A lightweight, high-performance large language model serving framework
Welcome to LightLLM! LightLLM is a large language model inference and serving framework developed purely in Python, featuring a lightweight design, easy extensibility, and high performance. LightLLM integrates the advantages of many open-source solutions, including but not limited to FasterTransformer, TGI, vLLM, and FlashAttention.
Key Features
- Multi-process Collaboration: Tokenization, language model inference, vision model inference, and other tasks are performed asynchronously, significantly improving GPU utilization.
- Zero-padding: Provides support for nopad-Attention computation across multiple models to efficiently handle requests with large length differences.

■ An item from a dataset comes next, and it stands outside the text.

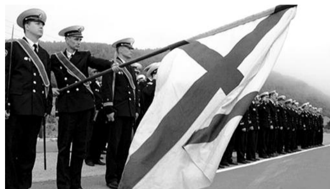
● НА ФОТО: ТРАУРНЫЕ МЕРОПРИЯТИЯ СОСТОЯЛИСЬ ВО ВСЕХ ГАРНИЗОНАХ

Родственники погибших моряков, принимавшие участие в церемонии, спустили на воду венки с фамилиями всех членов экипажа, погибших на борту АПЛ «Курск», и предали морским волнам землю, привезенную из городов, в которых были похоронены члены экипажа «Курска».

- Dynamic Batching: Capable of dynamic batch scheduling for requests.
- FlashAttention: Integrates FlashAttention to improve speed and reduce GPU memory usage during inference.
- Tensor Parallelism: Utilizes multiple GPUs for tensor parallelism to accelerate inference speed.
- Token Attention: Implements a token-level KV cache memory management mechanism, achieving zero memory waste during inference.
- High-performance Routing: Combined with Token Attention, it precisely manages GPU memory at the token level, optimizing system throughput.
- INT8 KV Cache: This feature can double the maximum number of tokens. Currently, it only supports Llama-architecture models.